Technical discussion at top, actual solution at bottom.


> Hi, occasionally I find a vulnerable script that I disable with something
> like find -name script_name -exec chmod 200 {} \;

In general you want to avoid using '-exec {} \;' because it's terribly 
inefficient since it guarantees that you spawn a sub-shell for every 
single file you find.  *Often* a better way is this (assume GNU tools):
	find -name script_name -print0 | xargs -0 chmod 200

The canonical case for this form is chown or chmod.  Instead of spawning 
a sub-shell once for each file or directory, running chown, then doing 
the next, xargs will only spawn as many shells needs to "fit" the 
arguments into the environment.  On modern Linux, that's almost always 
just 1 shell.  That's a *lot* faster when you have a lot of files.
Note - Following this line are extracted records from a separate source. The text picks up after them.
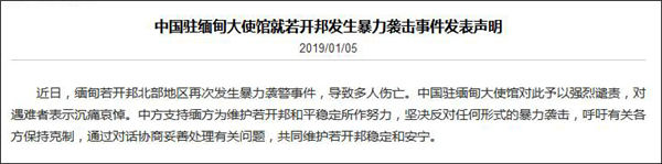 据中国驻缅甸大使馆网站1月5日消息,近日,缅甸若开邦北部地区再次发生暴力袭警事件,导致多人伤亡。中国驻缅甸大使馆对此予以强烈谴责,对遇难者表示沉痛哀悼。中方支持缅方为维护若开邦和平稳定所作努力,坚决反对任何形式的暴力袭击,呼吁有关各方保持克制,通过对话协商妥善处理有关问题,共同维护若开邦稳定和安宁。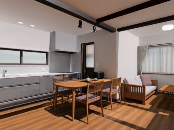間仕切りをなくし、床がフラットなLDKに大変身!窓は遮熱性の高いサッシに交換&西側の窓を小さくしました。キッチン横の勝手口戸は、気密性の高い外部用を採用。床・壁・天井には断熱材を敷き詰め、快適な温熱環境に整えました。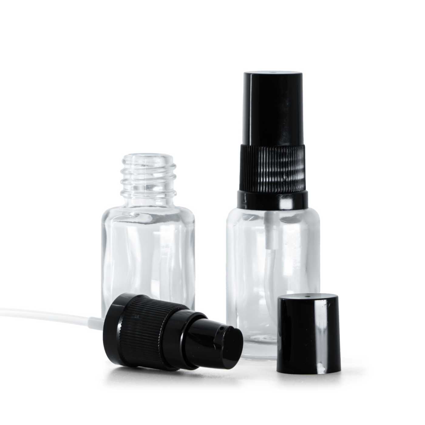 Átlátszó, kerek üvegpalack fekete krémadagoló pumpával és fekete kupakkal 12 ml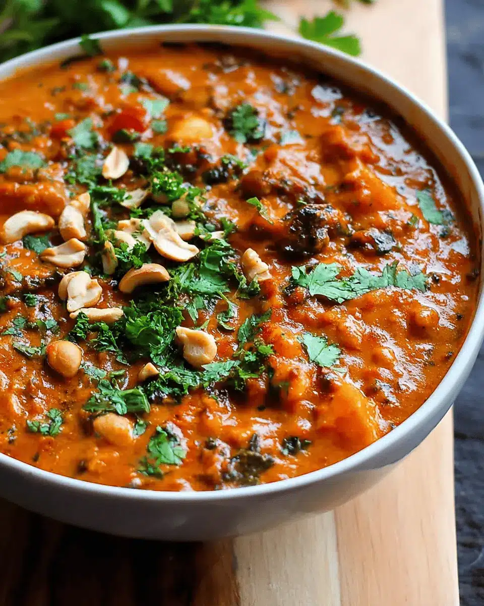 What’s remarkable about this stew is its versatility. Whether you’re celebrating a special occasion or simply looking for a nutritious weeknight dinner, African Peanut Stew fits the bill perfectly. It’s adaptable to various dietary preferences; you can make it vegan or add meat based on your mood. Just imagine sitting down to a warm bowl of stew, served over fluffy rice or quinoa, with the aroma of ginger and garlic filling the air—pure bliss!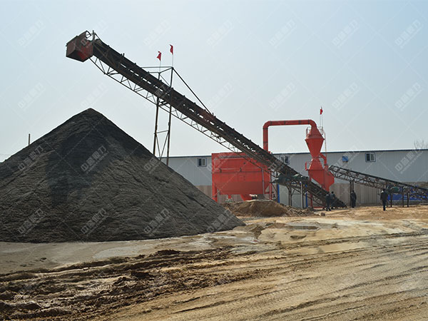 該套制砂機主要包含了振動喂料機、顎式破碎機、圓錐碎石機、礦山振動篩 、碎砂機、帶式運輸機等供電機械,具體制砂技術過程為:先,開采來的巖石由顎式破碎機進行破碎;產成的粗石子由皮帶運輸機運輸至圓錐碎石機進行深度破碎,整型破碎后的巖石進礦山振動篩 篩選分級出兩種石子,符合碎砂機給料粒度的石子進碎砂砂子;不符合給料粒度的返回再進細破,直至符合要求為止。

'find -print0' and 'xargs -0' use NULLs instead of white space as field 
separators.  See the man pages.

However...  In your particular case it probably doesn't really matter 
since you will probably only have a few hits.  But the first time you 
return hundreds of files, some with spaces in the name, you will really 
appreciate my way.

And, my way doesn't always work.  xargs works great when the results 
from find can be strung out as arguments to your command.  That would be 
a disaster with something like the mv or cp commands though.  When in 
doubt, add an echo and test:
	find -name script_name -print0 | xargs -0 echo chmod 200


> I was thinking it would be more friendly to the user to add a symlink to the
> affected directory to a php.ini with allow_url_fopen and register_globals
> off.  Can anyone think of a simple way to add a symlink to a directory a
> vulnerable file is in with find?

This is a case where xargs is not a good idea, and you have to use 
-exec, since you really do want to do things one at a time.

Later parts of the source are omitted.